Yellowstriped armyworm

Spodoptera ornithogalli

Distribution. The yellowstriped armyworm, Spodoptera ornithogalli (Guenée), is common in the eastern United States as far west as the Rocky Mountains, and occurs in southern Canada. However, it also is reported from southwestern states, including California. The distribution of this native insect includes Mexico, Central and South America, and many Caribbean islands. As a pest, however, its occurrence is limited principally to the southeastern states. A very similar species, western yellowstriped armyworm, Spodoptera praefica (Grote), is known only from the western states, principally California and Oregon. In California, Spodoptera praefica is much more important than Spodoptera ornithogalli.
Life Cycle and Description:
There apparently are three to four generations annually, with broods of adults present in March to May, May to June, July to August, and August to November. Some of the latter brood of yellowstriped overwinter as pupae rather than emerging as adults. Although eggs, larvae and adults of yellowstriped armyworm may be present in autumn or early winter they cannot withstand cold weather, and perish. Development time, from egg to adult, is about 40 days.
Eggs: The eggs are greenish to pinkish brown in color and bear 45 to 58 small ridges. In shape, the egg is a slightly flattened sphere, measuring 0.46 to 0.52 mm in diameter and 0.38 to 0.40 mm in height. Females typically deposit clusters of 200 to 500 eggs, usually on the underside of leaves. Total fecundity was determined to be over 3000 eggs under laboratory conditions. The eggs are covered with scales from the body of the adults. Duration of the egg stage is three to five days at warm temperatures.
Larvae: Larvae initially are gregarious in behavior, but as they mature they disperse, sometimes spinning strands of silk upon which they are blown by the wind.
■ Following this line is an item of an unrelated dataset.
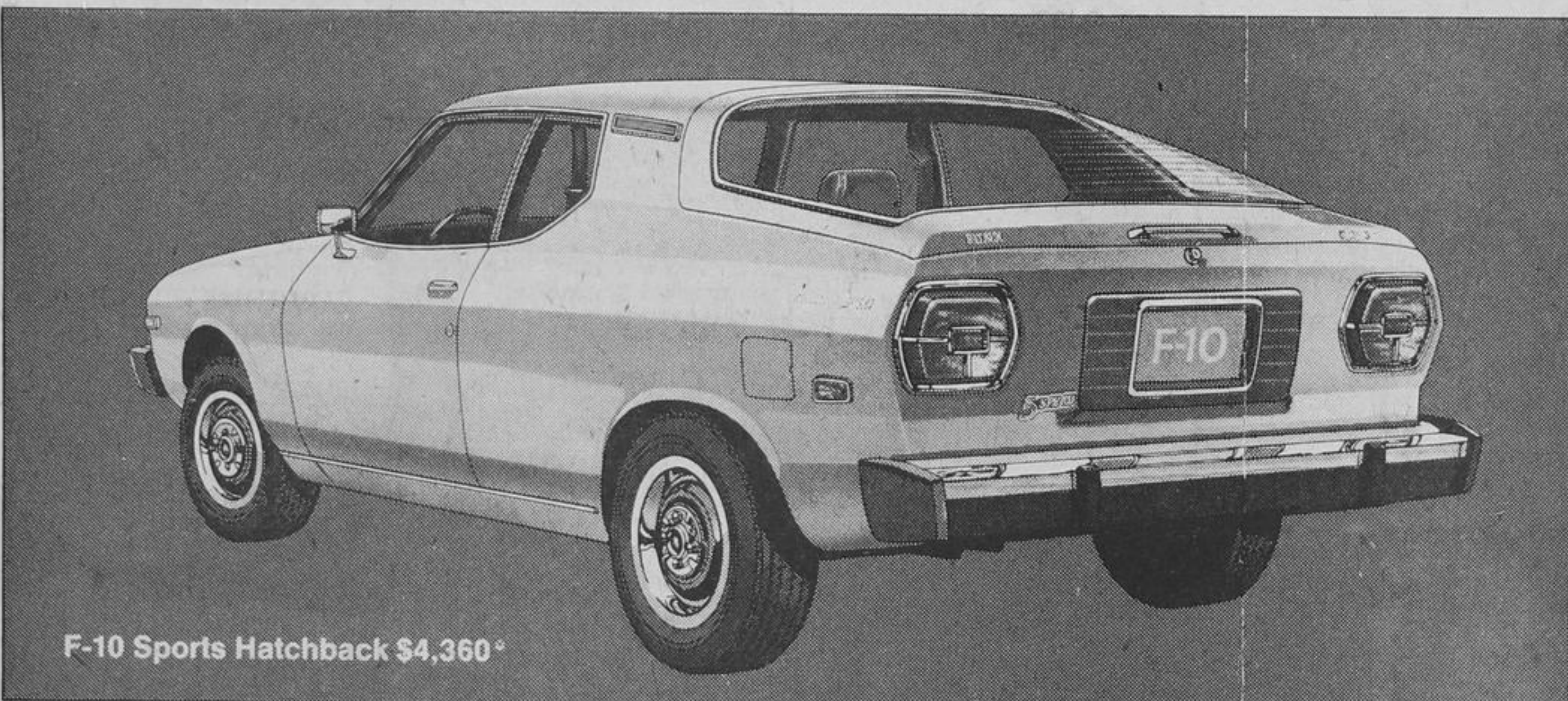
F-10 Sports Hatchback $4,360*

Even our lowest priced 2-door Sedan comes fully equipped with rear window defogger, tinted glass, carpeting, chrome window trim, radial tires, console with package tray, wheel covers, heavy duty battery, bumper over-rider and flow-through heating and ventilation.

There usually are six instars, although seven instars have been reported. Head capsule widths are about 0.28, 0.45, 0.8-1.0, 1.4-1.6, 2.0- 2.2, and 2.8-3.0 mm, respectively, for instars one through 6. The larva grows from about 2.0 to 35 mm in length over the course of development. Coloration is variable, but mature larvae tend to bear a broad brownish band dorsally, with a faint white line at the center. More pronounced are black triangular markings along each side, with a distinct yellow or white line below. A dark line runs laterally through the area of the spiracles, and below this is a pink or orange band.
Dark subdorsal spots are found on the mesothorax of yellowstriped armyworm, and the triangular shape of these spots aids in distinguishing this insect from sweetpotato armyworm, Spodoptera dolichos, and velvet armyworm, Spodoptera latifascia, in eastern states. The head is brown but has extensive blackish markings. Duration of the larval stage is 14 to 20 days, with the first three instars requiring about two days each and the last three instars requiring about three days each.
Pupae: Larvae pupate in the soil within a cell containing a thin lining of silk. The reddish brown pupa measures about 18 mm in length. Duration of the pupal stage is nine to 22 days, normally averaging 12 to 18 days.
Adults: The moths measure 34 to 41 mm in wing span. The front wings are brownish gray with a complicated pattern of light and dark markings. Irregular whitish bands normally occur diagonally near the center of the wings, with additional white coloration distally near the margin. The hind wings are opalescent white, with a narrow brown margin. Under laboratory conditions average longevity of adults is 17 days, with most egg production completed by the tenth day.